I have to prove that $\frac{1}{5}n^5+\frac{1}{3}n^3+\frac{7}{15}n$ is an integer for any $n$. I solved this by brute-force, exhausting all the possibilities methods. I was wondering if there was a way to solve this at-a-glance with some sort of theory? Because
Although my answer is correct, I was apparently supposed to use some theory to answer this question.

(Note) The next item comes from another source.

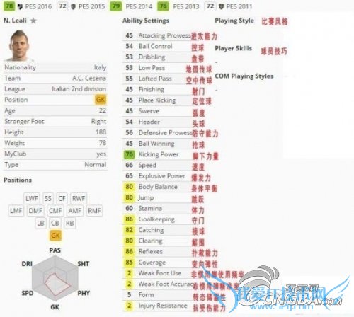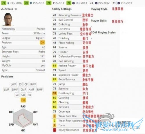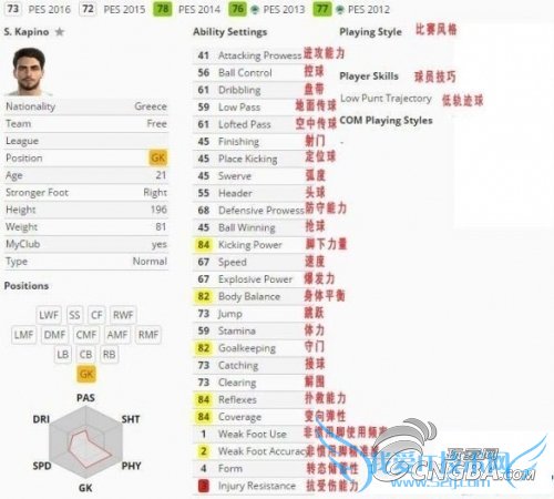 来自奥林匹亚科斯的第三守门员,和PES2014以前版本相比较,比分可以说是骤降,但是,如果你想买一个替补的话,该球员也是一个不错的选择。

I started by putting everything on common denominator and factoring out $n$:
$$\frac{1}{5}n^5+\frac{1}{3}n^3+\frac{7}{15}n = \frac{n(3n^4+5n^2+7)}{15}$$
then I proceeded to plug in $\pm1 ,\pm2, \pm3 ,…, \pm7$ into $3n^4+5n^2+7 \pmod {3,5,\text{ or }15}$
$$3(\pm 1)^4 +5(\pm 1)^2 +7 \equiv 15 \equiv 0 \pmod{15}$$
$$3(\pm 2)^4 +5(\pm 2)^2 +7 \equiv 75 \equiv 5\cdot 15 \equiv 0 \pmod{15}$$
$$3(\pm 3)^4 +5(\pm 3)^2 +7 \equiv 295 \equiv 0 \pmod{5} \text{ while } n \equiv 0 \pmod 3$$
$$3(\pm 4)^4 +5(\pm 4)^2 +7 \equiv 855 \equiv 57\cdot 15\equiv 0 \pmod{15}$$
$$3(\pm 5)^4 +5(\pm 5)^2 +7 \equiv 2007 \equiv 0 \pmod{3}\text{ while } n \equiv 0 \pmod 5$$
$$3(\pm 6)^4 +5(\pm 6)^2 +7 \equiv 4075 \equiv 0 \pmod{5}\text{ while } n \equiv 0 \pmod 3$$
$$3(\pm 7)^4 +5(\pm 7)^2 +7 \equiv 7455 \equiv 497 \cdot 15\equiv 0 \pmod{15}$$
to conclude that if $n\equiv 0 \pmod {15}$ then $\frac{n}{15}$ is an integer from which $\frac{1}{5}n^5+\frac{1}{3}n^3+\frac{7}{15}n$ is an integer,
and if $n \not\equiv 0 \pmod {15}$ then either $3n^4+5n^2+7 \equiv 0 \pmod{15}$ or $n \equiv 0 \pmod 3$ and $ 3n^4+5n^2+7 \equiv 0 \pmod{5}$ or $n \equiv 0 \pmod 5$ and $ 3n^4+5n^2+7 \equiv 0 \pmod{3}$ from which the statement is clearly true.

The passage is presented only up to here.